AUGUSTA (AP) – The Baldacci administration on Monday released figures showing a brighter fiscal forecast for the next two-year state budget, with the gap between anticipated revenues and expenditures shrinking by more than $50 million.

New estimates released by Finance Commissioner Rebecca Wyke show a $785 million structural gap that loomed over the 2006-07 budget cycle trimmed to $733 million. The figure is expected to be adjusted further as the 2005 legislative session draws closer.

The new figure represents an even sharper drop from the $900 million structural gap that was estimated early this year.

“I think we’ve made a lot of progress and I think we’re continuing to make progress, and at the same time we still have more work to do,” said Gov. John Baldacci.

The administration revised its fiscal assumptions after receiving current services budgets from the individual state departments for the next two-year budget cycle, which begins in July 2005, Wyke said.

The $733 million shortfall includes a portion of the roughly $250 million needed to fulfill the state’s obligation to provide 55 percent of public school funding.

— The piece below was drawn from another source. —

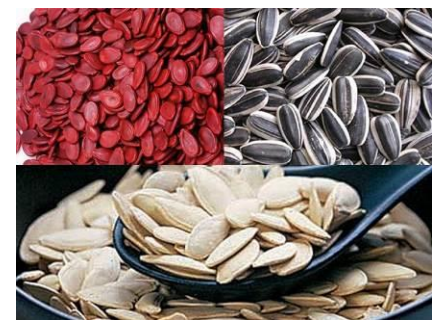
Hạt Dưa, Hạt Bí, Hạt Hướng Dương (roasted seeds).

Voters in June approved an initiated referendum calling for the 55 percent funding level, up from the current state share of 42 percent.

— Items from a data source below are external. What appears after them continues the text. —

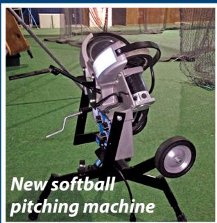
New softball pitching machine
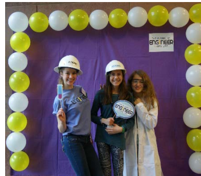
IAGE Volunteer with Participants

Not stopping with our collegiate audience, we were excited to share our passion for creativity through STEM with over 100 middle school girls and their families. Our first annual Introduce a Girl to Engineering Day (IAGE) happen on April 1. This event engaged budding minds through interactive projects, tours, and presentations. SWE partnered with 14 student organization to put on these activities. Imagination was encouraged as youth were exposed to the different disciplines
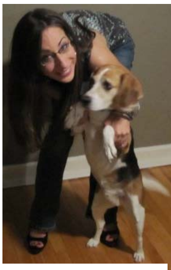
Me and my dog Patches
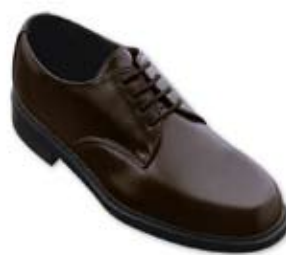
Chocolate Calfskin Lace (CCL)
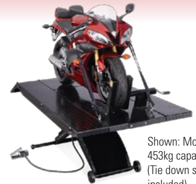
Shown: Model RXLDT 453kg capacity (Tie down straps not included)
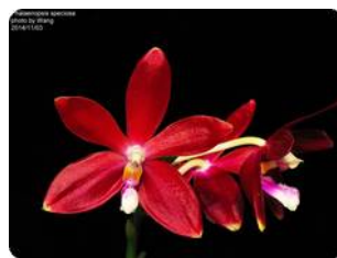
Phal. speciosa Deep Red x self
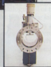
Beam Profile Monitors

Please visit Booth No. 708 at the MRS Equipment Exhibit/ Table Top Display in Boston, Nov. 30–Dec. 2, 1993.
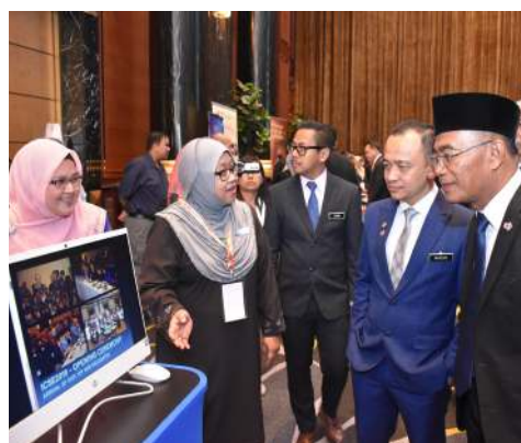
Booth Visit by the Malaysia Minister of Education and SEAMEO Council President

It featured multiple fora to discuss responses to the changing education landscape influenced by recent economic and social developments.
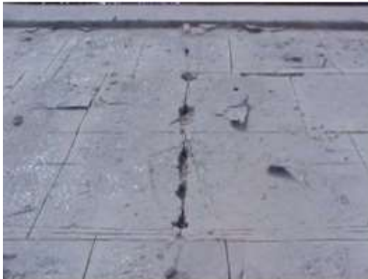
4. Deteriorated Gypsum Deck
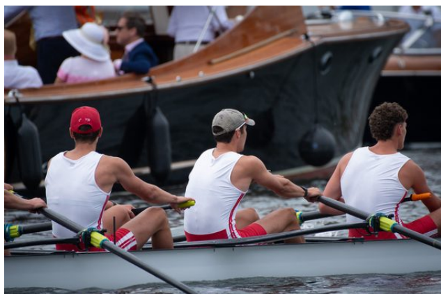
The Process - 1st VIII

Health coverage for state employees and costs associated with the Maine Care program are also major factors in the gap, the administration’s top finance official said.

Baldacci, viewing Maine’s fiscal challenges within the context of two budget cycles, said the $733 million represents nearly a halving of the structural gap the state faced two years ago. “We’ve made significant strides from where we were before,” he said.

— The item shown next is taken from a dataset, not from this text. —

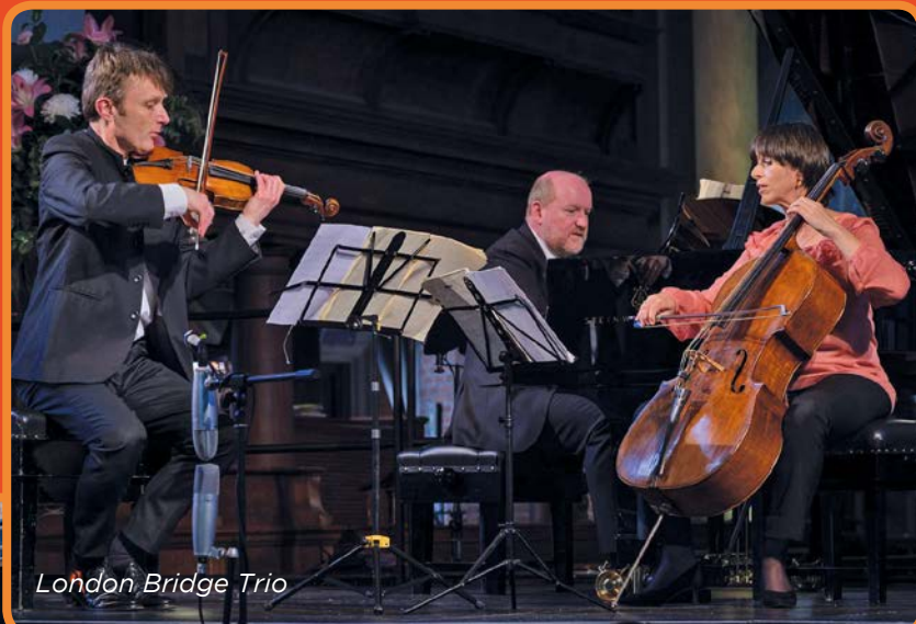
London Bridge Trio

Structural changes within departments helped to stretch revenues without a broad-based tax increase during the last budget cycle. Departments were flat-funded and a number of one-time revenue enhancers, such as the sale of the state’s liquor business, were also put in place.

Even with the $733 million gap remaining, Baldacci sees no need for a tax hike.

“There’s no question about it,” the governor said. “There won’t be a tax increase in order to balance this budget.”

The ranking Republican on the Appropriations Committee, Rep. Richard Rosen of Bucksport, said the new figures continue to validate “what we have known since last spring. The next Legislature is going to face a pretty serious structural gap.”

Rosen, a state Senate candidate, added that he’s disappointed there hasn’t been more discussion in Augusta and in legislative campaigns of how to close the gap.

Baldacci said he is optimistic that revenue forecasters will come out with figures showing income growth, which would narrow the gap further.

“These indicators are moving in the right direction,” said Baldacci.

The figure is expected to be adjusted further as the next legislative session draws closer, Wyke said.

“I think it will fluctuate but I don’t think it will be drastic,” she said.